Find the line containing "Dulux Duramax® Bright" in the material below, then please transcribe it and each line after it exactly, without the pictures.

§ Collected data
Content starts
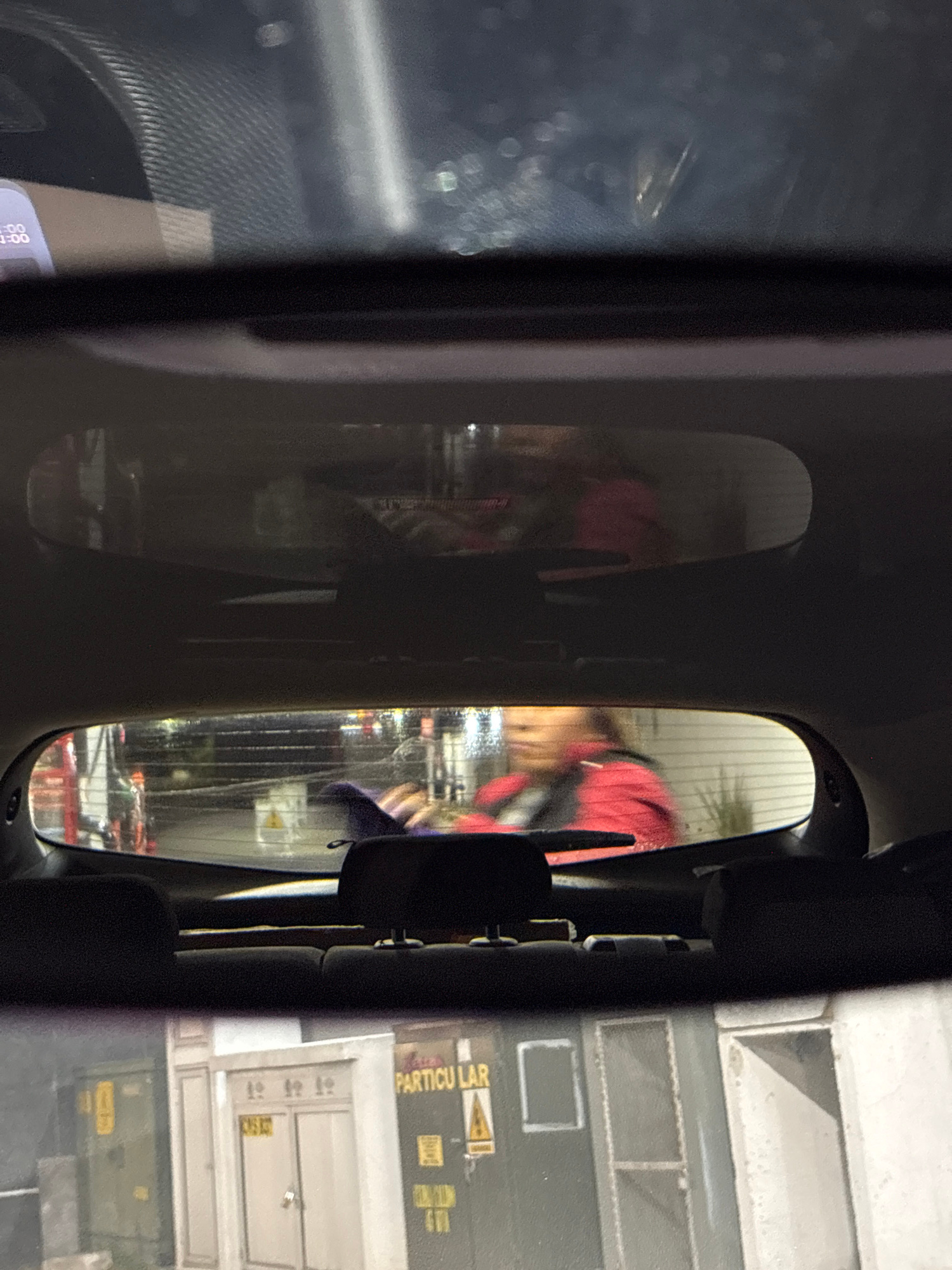 The image shows a view through a vehicle's side mirror. In the reflection, a person wearing a red and black jacket appears to be interacting with a shopping cart. The background shows a store with she…read more
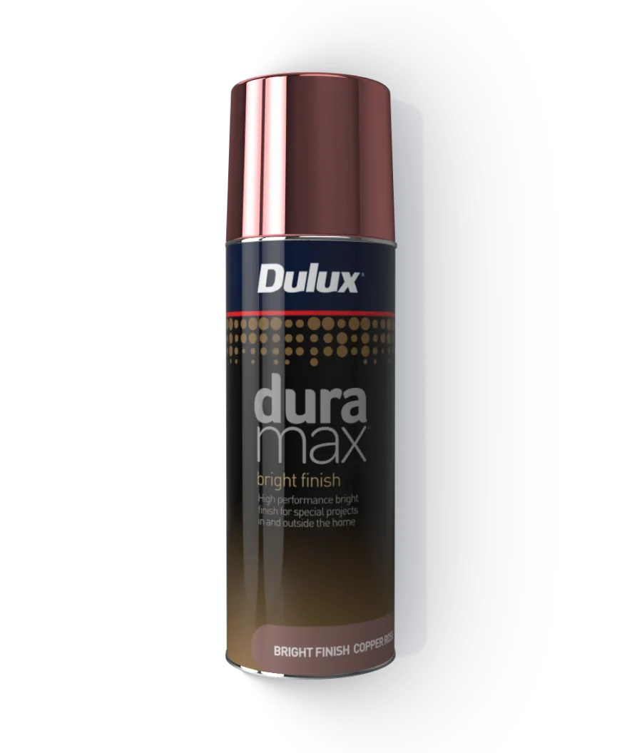 Dulux Duramax® Bright Finish is a fast-drying spray paint delivering a brilliant bright finish on special projects inside and outside the home. The unique Dulux technology delivers bold and stunning finishes in Bright Gold, Copper Rose and Silver and is ideal for use on all primed smooth surfaces such as metal, wood, glass and plastic.
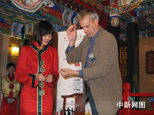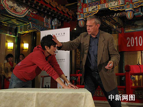 中新网11月25日电 昨天(24日),北京电视台2010年“环球春晚”正式签约美国著名魔术师大卫.威廉姆森仪式在北京全聚德烤鸭店举行。和因春晚一炮而红的刘谦一样,来自美国的大卫最擅长近台魔术,被誉为是“魔术盛典灵魂人物”。在签约仪式上,大卫以他风趣幽默的个人风格和在场的魔术爱好者过招,在观众眼前近距离地用扑克牌和顺手拿起的筷子展示了自己娴熟的手法。
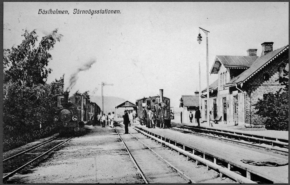Hästholmens station med två persontåg, ett normaspår och ett smalspår.
Content ends
§ Finished task
 Dulux Duramax® Bright Finish is a fast-drying spray paint delivering a brilliant bright finish on special projects inside and outside the home. The unique Dulux technology delivers bold and stunning finishes in Bright Gold, Copper Rose and Silver and is ideal for use on all primed smooth surfaces such as metal, wood, glass and plastic.
 中新网11月25日电 昨天(24日),北京电视台2010年“环球春晚”正式签约美国著名魔术师大卫.威廉姆森仪式在北京全聚德烤鸭店举行。和因春晚一炮而红的刘谦一样,来自美国的大卫最擅长近台魔术,被誉为是“魔术盛典灵魂人物”。在签约仪式上,大卫以他风趣幽默的个人风格和在场的魔术爱好者过招,在观众眼前近距离地用扑克牌和顺手拿起的筷子展示了自己娴熟的手法。
Hästholmens station med två persontåg, ett normaspår och ett smalspår.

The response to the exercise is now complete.